The severe acute respiratory syndrome coronavirus 2 (SARS-CoV-2) is the virus linked to the coronavirus disease 2019 (COVID-19), which became a pandemic during March 2020, affecting virtually all countries [7]. Though COVID-19 symptoms are predominantly respiratory, the SARS-CoV-2 can infect many parts of the body, through binding to the angiotensin-converting enzyme 2 (ACE-2) receptor, which is also densely distributed in the pancreas [8, 9]. Early during the COVID-19 pandemic it was hypothesized that the SARS-CoV-2 could induce T1D. Thus, a marked increase in T1D cases was found at a pediatric center in the United Kingdom from March to June 2020 [10]. Since then, a number of mainly register based studies have investigated this association and the results have been conflicting. A large investigation from the United States, based on the medical insurance claims databases, found a higher incidence of diabetes among young patients < 18 years after SARS-CoV-2 infection [11], while a study from Scotland with detailed information on the date of T1D diagnosis and SARS-CoV-2 PCR testing did not replicate this finding [12]. A meta-analysis including 26 papers reported an increase in T1D [13], as did another recently published systematic review of 42 studies with meta-analysis [14], though data from the worldwide SWEET register did not find evidence of a link between COVID-19 and T1D [15]. A large Canadian cohort study recently reported an increase in the diabetes frequency following the COVID-19 pandemic, but it could not establish a correlation specifically for T1D, possibly due to the low T1D numbers [16]. In Denmark, no association was observed in a prospective register investigation among children and young adults [17], and another Danish register study evaluating the entire population below 30 years similarly reported no association [18].
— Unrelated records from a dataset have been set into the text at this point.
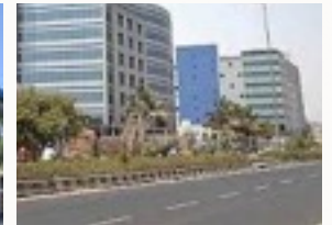
IT Companies on connecting 200Ft Road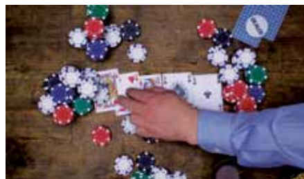
Aces @ 150 fps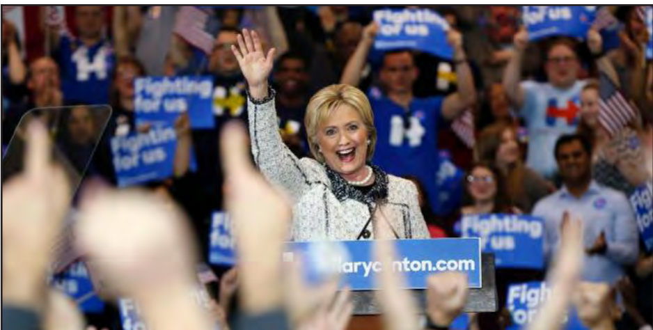
Hillary Clinton wins big in South Carolina on February 27.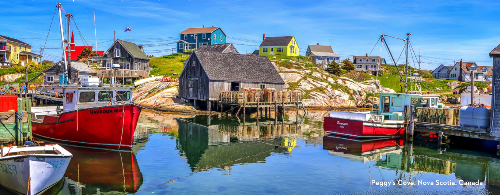
Peggy's Cove, Nova Scotia, Canada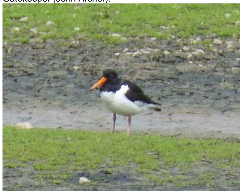
Oystercatcher at East India Dock Basin

18 May 2015, East India Dock Basin: 1 Oystercatcher roosting on the island. 1 Kestrel, 1 Swallow flew west, 1 Sand Martin, 6+ Common Terns but none appear to be incubating, 3 Shelducks, 4 Tufted Ducks, 1 Blackcap singing, 1 Reed Warbler singing, 1 abnormally small Red Admiral butterfly about the size of a Gatekeeper (John Archer).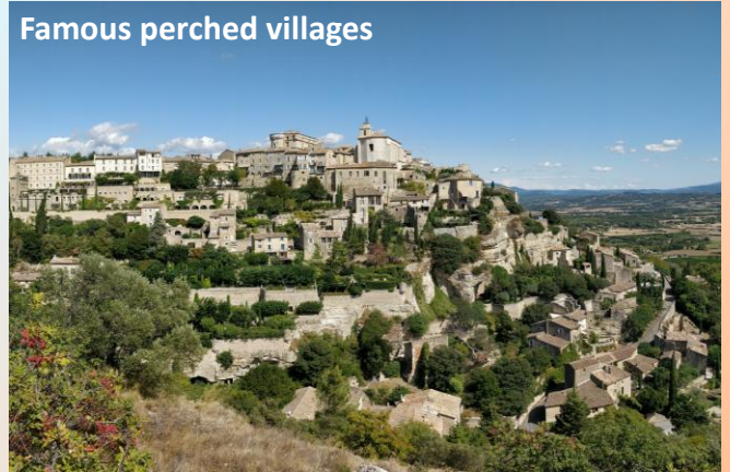
Famous perched villages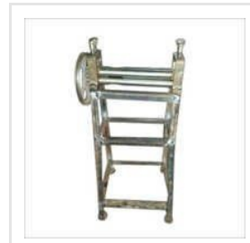
Bead Roller Machine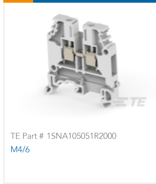
TE Part # 1SNA105051R2000 M4/6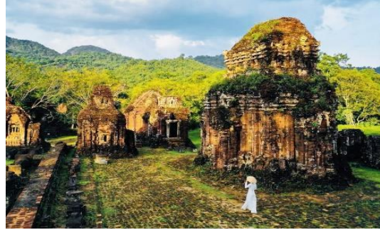
My Son Sanctuary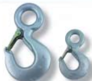
Eye Hook - EH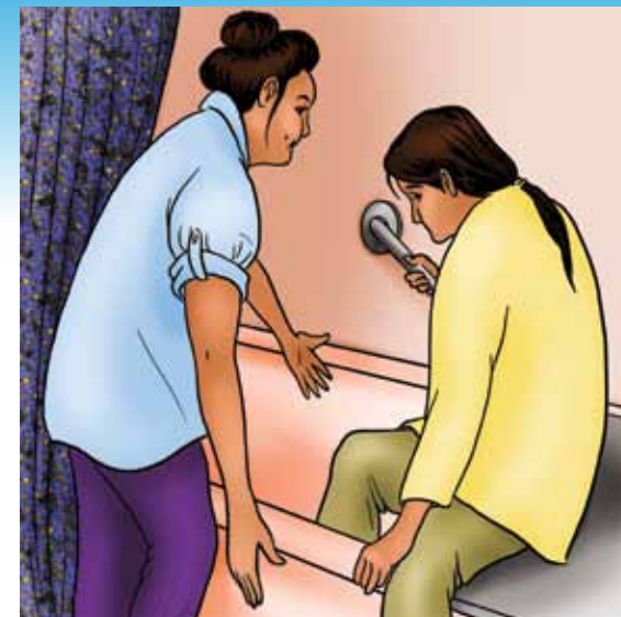
Take care of myself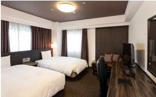
Daiwa Royal Hotel Yokohama-Koen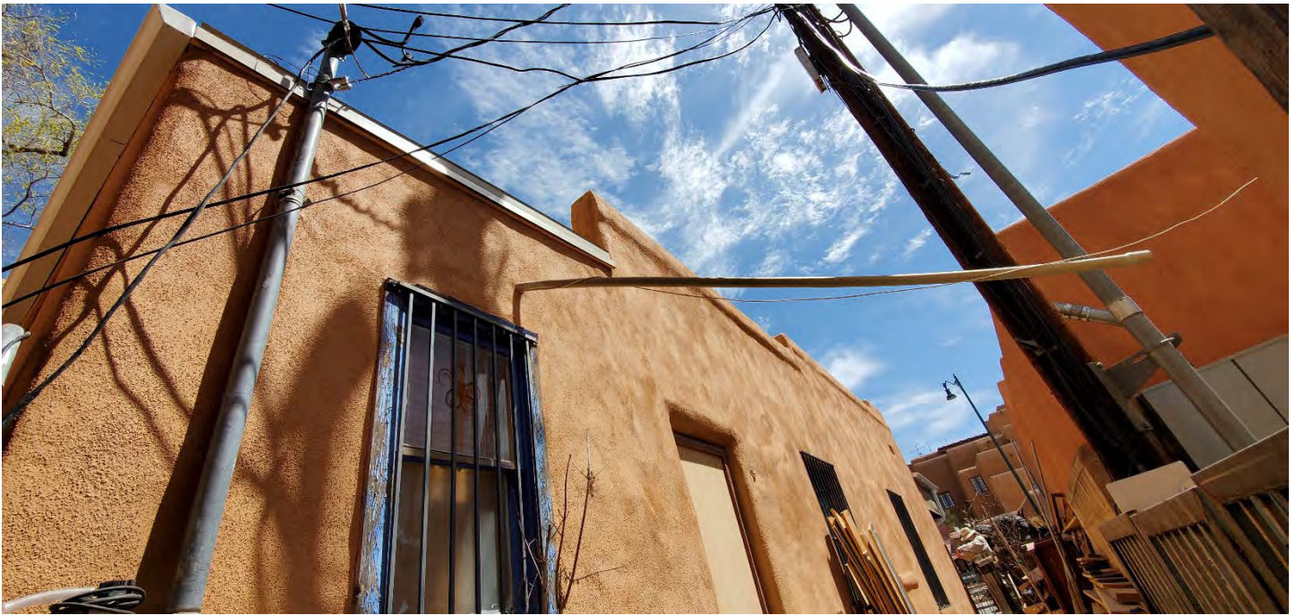
EXISTING GATE TO THE SOUTH ACCESS AREA AND SOUTH PROPERTY LINE WALL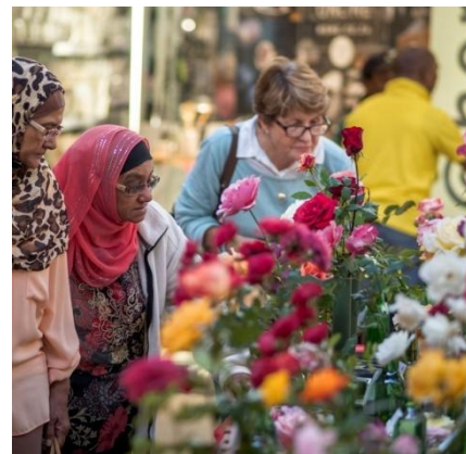
Midlands Rose Society Rose Show – October, 2015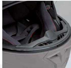
Breath deflector and front air inlet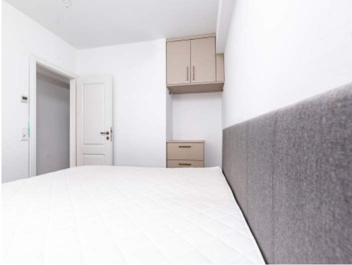
Alternative view of the bedroom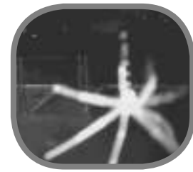
Spider/Insect Alarm Reduction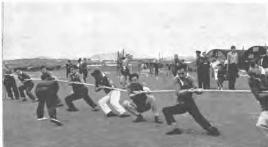
Blenheim Day, 1963. The Sergeants' Mess team in the Tug-of-War, which was won by the Officers' team.

In the present multicenter study, we report incidence data on new-onset T1D cases across Portugal before and during the COVID-19 epidemic to determine its impact on T1D development. We further provide an analysis on the changes in glycemic levels and endogenous insulin production at T1D diagnosis, before and during the epidemic. Finally, we evaluate the annual number of diabetes ketoacidosis (DKA) episodes, as well as previous COVID-19 infection as a risk factor for DKA at the time of T1D diagnosis.

Methods

Data collection

The study was a retrospective and hospital-based evaluation comprising new-onset T1D cases and COVID-19 related data from nine hospital units across Portugal, from January 2017 to December 2022. Complete data for all calendar months were, however, only available from eight centers from 2018 to 2021.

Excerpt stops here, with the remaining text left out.